━━━━━ Dataset extract

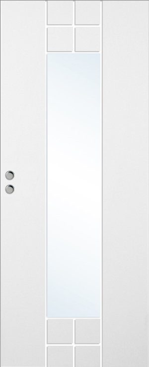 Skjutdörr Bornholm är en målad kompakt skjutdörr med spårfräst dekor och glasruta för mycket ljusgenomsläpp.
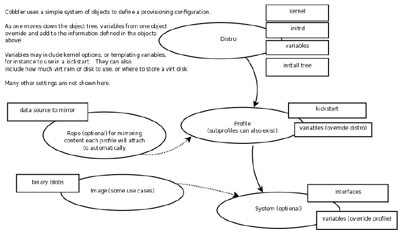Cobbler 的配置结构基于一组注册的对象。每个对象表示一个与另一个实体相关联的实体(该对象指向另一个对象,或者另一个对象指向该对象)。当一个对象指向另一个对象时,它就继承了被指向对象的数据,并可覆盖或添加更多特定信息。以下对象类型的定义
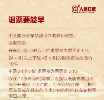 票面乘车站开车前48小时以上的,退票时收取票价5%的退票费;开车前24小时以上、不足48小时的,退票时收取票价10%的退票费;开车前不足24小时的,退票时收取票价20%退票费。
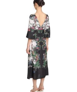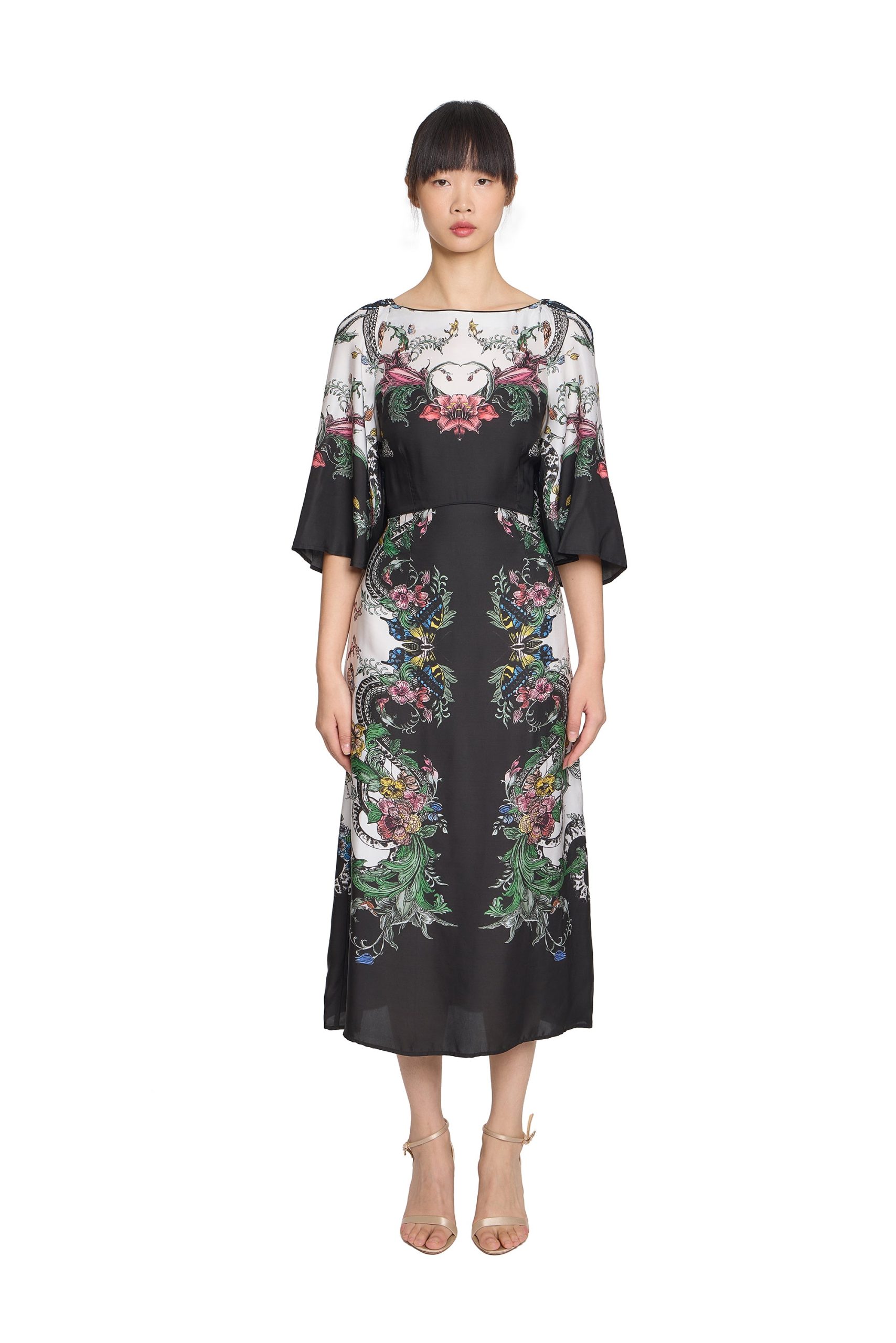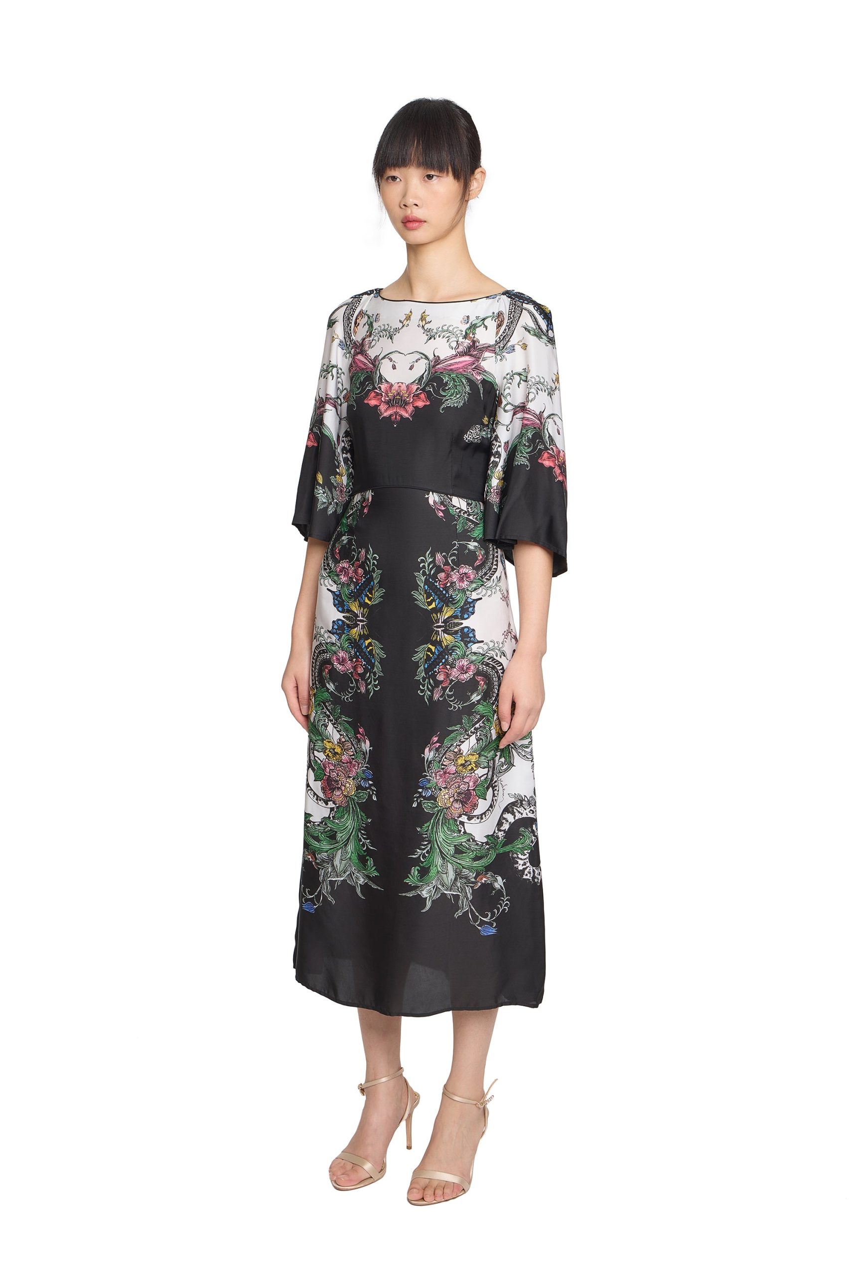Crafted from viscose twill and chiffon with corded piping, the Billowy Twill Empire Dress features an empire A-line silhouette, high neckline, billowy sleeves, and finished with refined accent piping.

━━━━━━━━━━

Instructions for the task:
Reproduce, word for word, everything in the listing above except the pictures.

Response:
 Skjutdörr Bornholm är en målad kompakt skjutdörr med spårfräst dekor och glasruta för mycket ljusgenomsläpp.
Cobbler 的配置结构基于一组注册的对象。每个对象表示一个与另一个实体相关联的实体(该对象指向另一个对象,或者另一个对象指向该对象)。当一个对象指向另一个对象时,它就继承了被指向对象的数据,并可覆盖或添加更多特定信息。以下对象类型的定义
 票面乘车站开车前48小时以上的,退票时收取票价5%的退票费;开车前24小时以上、不足48小时的,退票时收取票价10%的退票费;开车前不足24小时的,退票时收取票价20%退票费。
Crafted from viscose twill and chiffon with corded piping, the Billowy Twill Empire Dress features an empire A-line silhouette, high neckline, billowy sleeves, and finished with refined accent piping.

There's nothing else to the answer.